A cholinergic feedback circuit to regulate striatal population uncertainty and optimize reinforcement learning

  1. Nicholas T Franklin
  2. Michael J Frank  Is a corresponding author
  1. Brown University, United States
10 figures

Figures

Neural network model.

(A) A simplified diagram of the neural network. Sensory input excites candidate motor actions and corresponding Go (blue circles) and NoGo (red circles) MSN units in the striatum. Distinct columns of Go and NoGo units provide the thalamus with positive and negative evidence for alternative motor responses, learned via DA reinforcement signals. Positive prediction errors result in increased DA during feedback and an increase of Go excitability relative to NoGo units. TANs are endogenously active units that modulate MSN excitability during reinforcement feedback, altering the efficacy of the reinforcement signal. (B) Stereotypical TAN response is temporally concomitant to reward-related phasic DA increase (Adapted from Figure 7 part C, Morris et al., 2004). (C) Schematic representation of TAN–MSN signaling (see below). TAN firing inhibits presynaptic glutamatergic signaling of D1 and D2 MSNs through M2 receptors, but also selectively excites D2 MSNs via M1 receptors. (D) Sensory input provides excitatory signaling to preSMA (representing two candidate motor actions) and corresponding Go and NoGo MSN units in the striatum. Each of (here, two) motor responses is coded by distinct columns of Go and NoGo units, representing positive and negative evidence for alternative that responses, learned via reinforcement conveyed by DA signals in the SNc. The basal ganglia contribute to action selection by disinhibiting thalamocortical activity for representing thatthe response having the largest Go–NoGo activation differential. Go units inhibit globus pallidus internal segment (GPi) units, which otherwise tonically inhibit the thalamus.

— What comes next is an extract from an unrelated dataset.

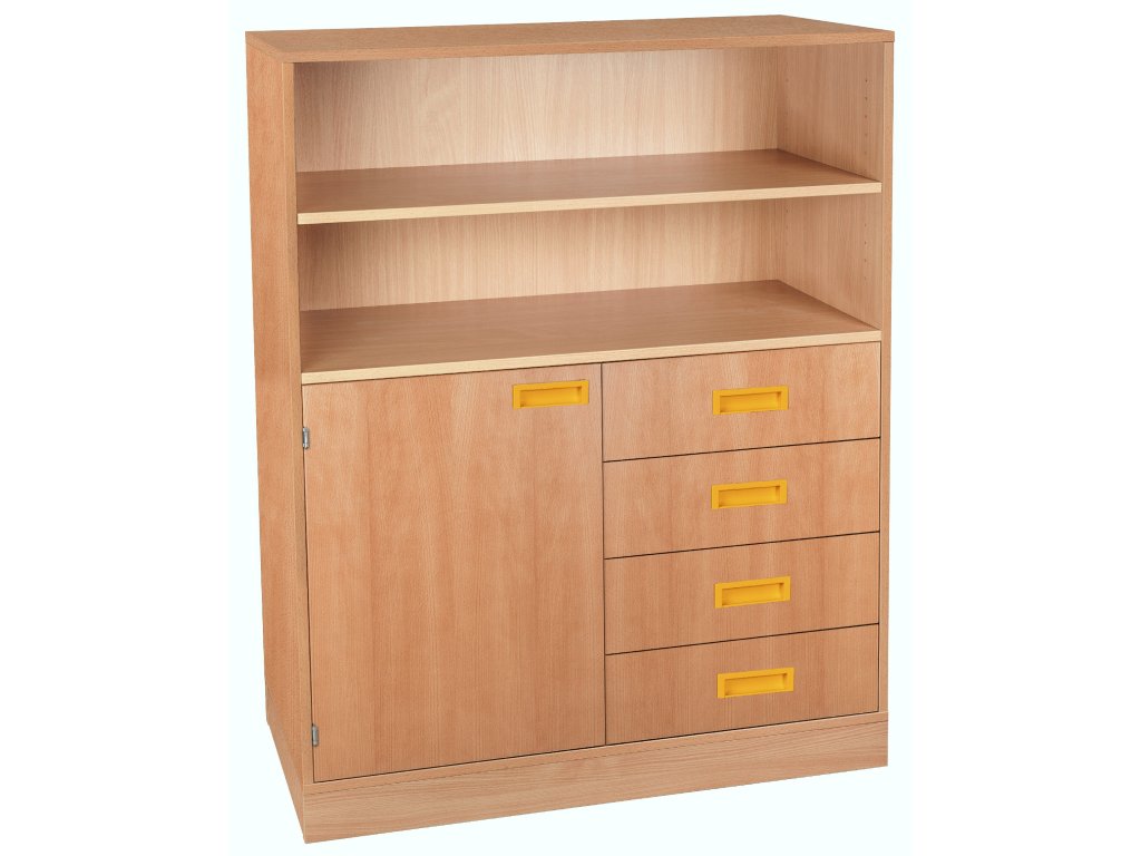 Skříňka kombinovaná s dveřmi a zásuvkami, se soklem

NoGo units have the opposite effect by inhibiting the external segment (GPe), which in turn inhibits GPi. TANs are represented as a separate layer of endogenously active units that modulate MSN excitability during the dynamic burst–pause pattern windowing the dopaminergic reward prediction error signals. This pause duration can be fixed, or sensitive to the population uncertainty of MSNs (see below). Dotted black lines correspond to proposed feedback mechanism from MSNs to TANs. The STN modulates the threshold by which actions are disinhibited by the BG, included here for consistency with prior work. DA, dopamine; MSN, medium spiny neuron; preSMA, pre-suplementary motor cortex; SNc, substantia nigra pars compacta; STN, subthalamic nucleus.

https://doi.org/10.7554/eLife.12029.003
Network activity in a probabilistic reversal learning task. 

Top left: Mean within-trial normalized firing rate across population of Go units (simulated striatonigral MSNs) and TANs during action selection during the first epoch of training ('early'). Individual traces represent the mean population activity in a single trial and are collapsed across response for Go units. In the examples shown, Go unit activity ultimately facilitates the selected response (due to disinhibition of thalamus; not shown, see Frank, 2006). Bottom left: Mean within-trial firing rate during action selection in the last epoch of training ('late') prior to reversal. As a consequence of training, an increased differential in Go activity between the selected and non-selected response results in low action-selection uncertainty. Center: Mean firing rate for Go and TAN units during reinforcement for both correct (top) and incorrect (bottom) trials. TAN pauses occur for both types of feedback, providing a window during which the dopaminergic signals differentially modulate Go unit activity and plasticity (long-term potentiation vs long-term depression). Top right: Entropy in population of Go units across training trials. Population-level entropy declined over time prior to reversal (trial 200; dotted line) as the stochastic population of simulated neurons learned the correct action. Following reversal, entropy rose briefly as the network starts to activate the alternative Go response while the learned one still remained active for some time, after which entropy declines once more. This dynamic modulation of entropy is more pronounced in a network with simulated TANs than a control network without TANs. MSNs, medium spiny neurons; TANs, tonically active neurons.

https://doi.org/10.7554/eLife.12029.004
Performance of the neural network on reversal learning task.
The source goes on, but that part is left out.